## INSTRUCTIONS TO FOLLOW
Give back the full listing as written. No pictures go with it.

## DATA PROVIDED
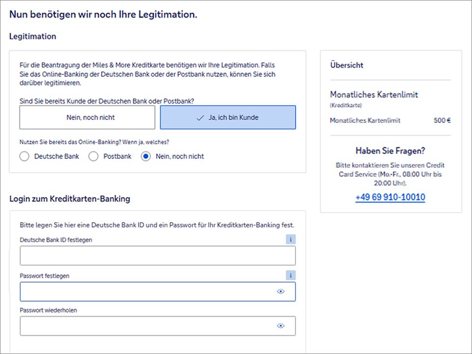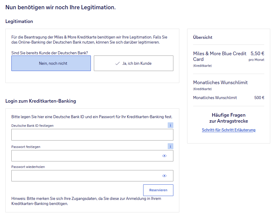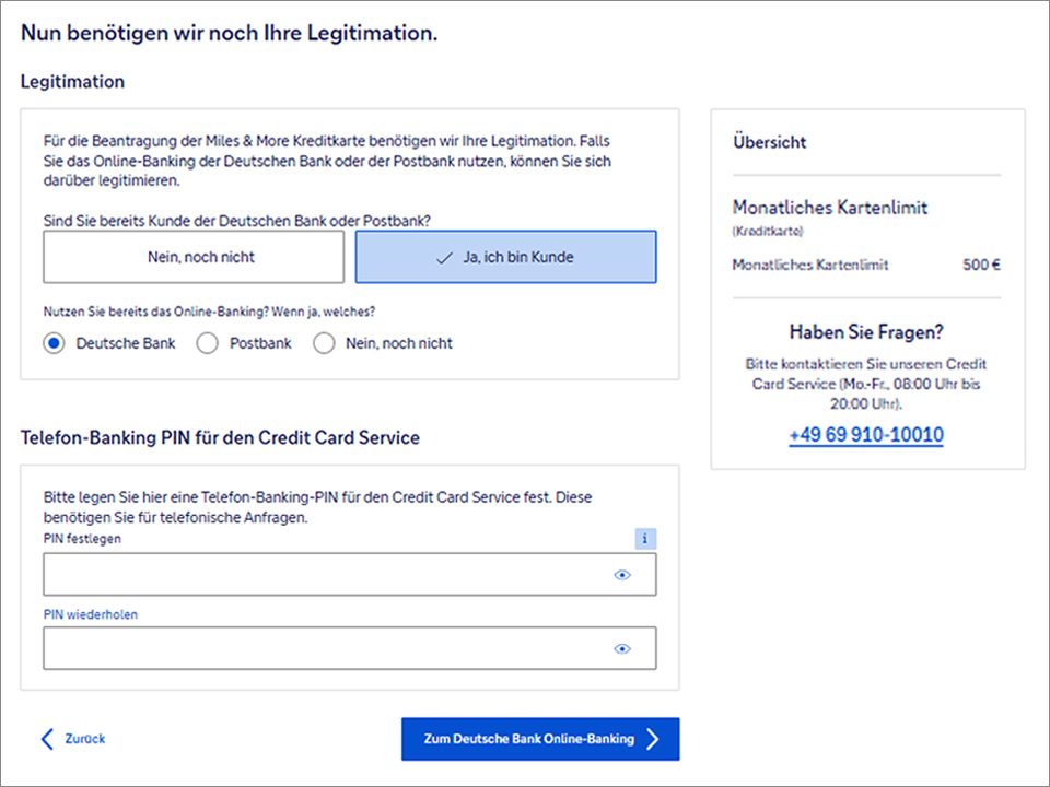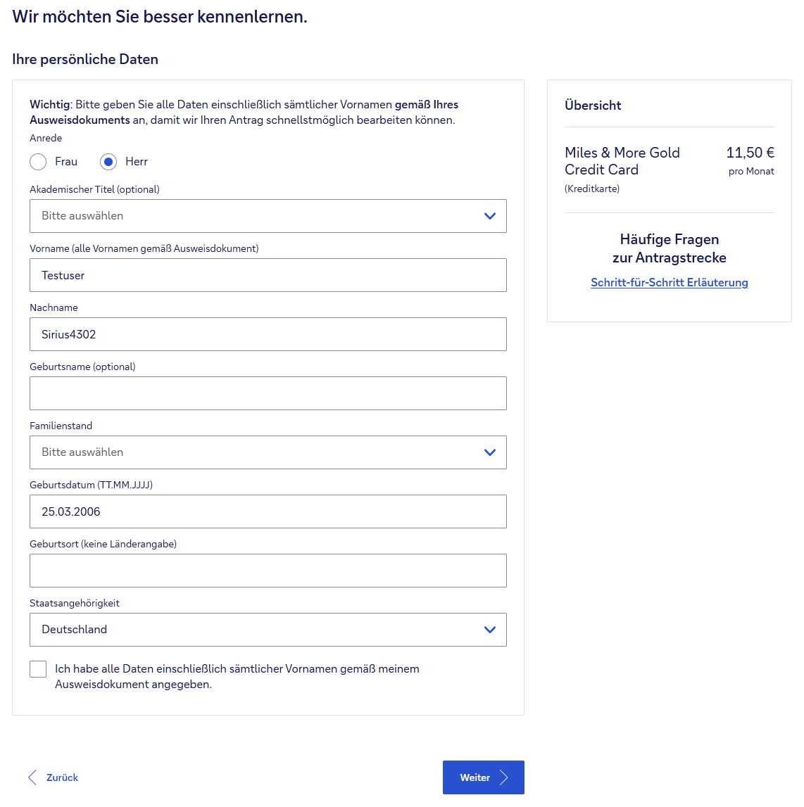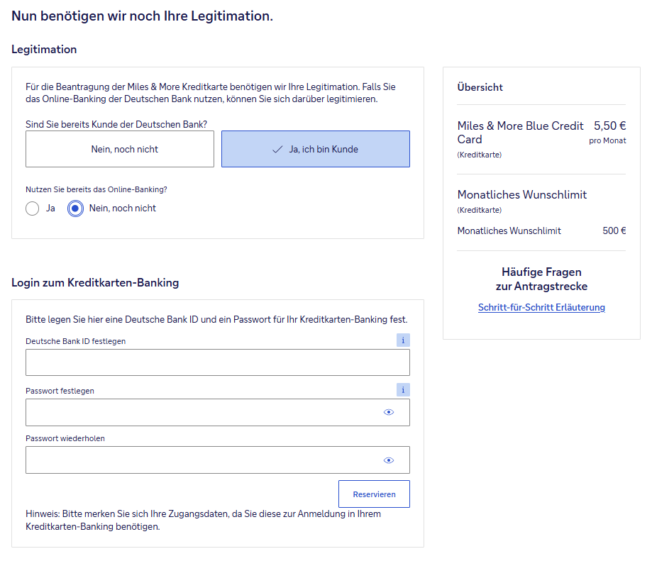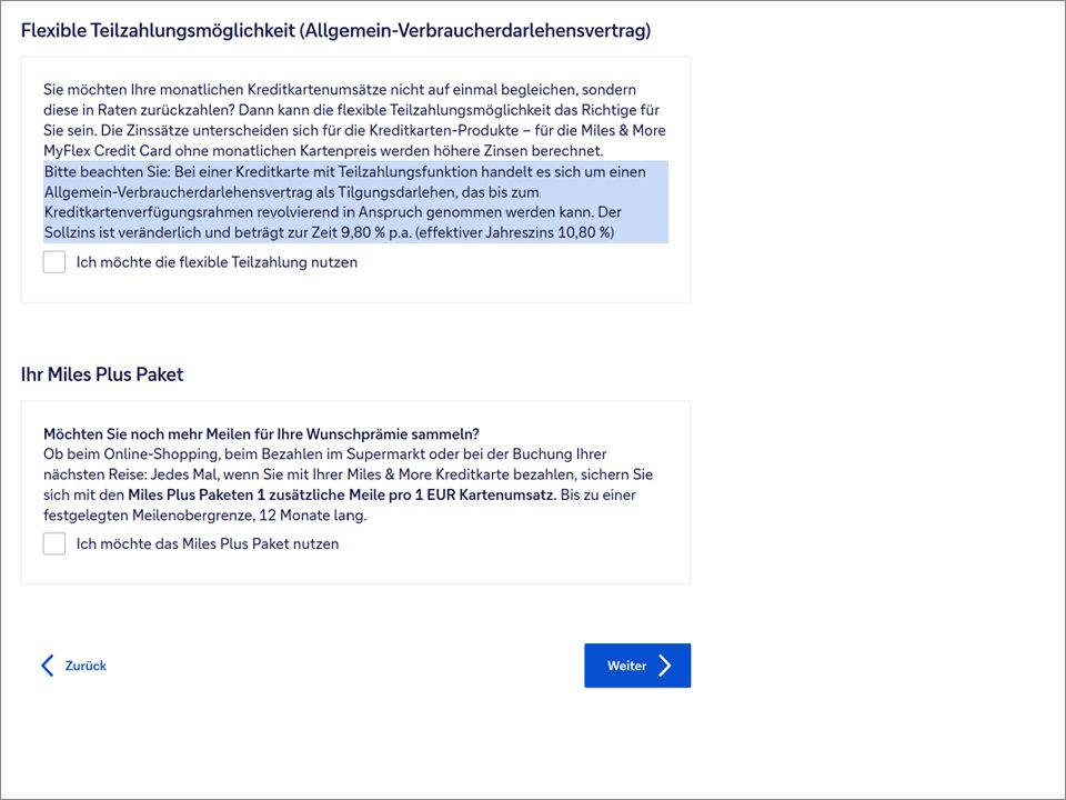 Um Ihre Miles & More Kreditkarte zu beantragen, ist die Teilnahme am Miles & More Programm erforderlich.
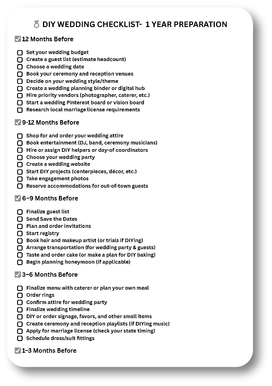 âŞď¸ 1-Year Wedding Prep Checklist
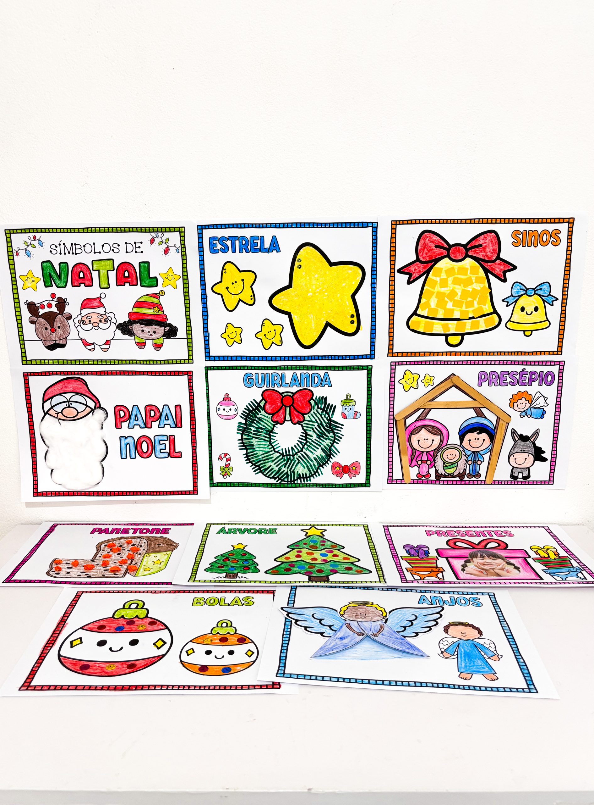 São 10 páginas com 10 símbolos natalinos, cheias de

## WORKED SOLUTION
 Um Ihre Miles & More Kreditkarte zu beantragen, ist die Teilnahme am Miles & More Programm erforderlich.
 âŞď¸ 1-Year Wedding Prep Checklist
 São 10 páginas com 10 símbolos natalinos, cheias de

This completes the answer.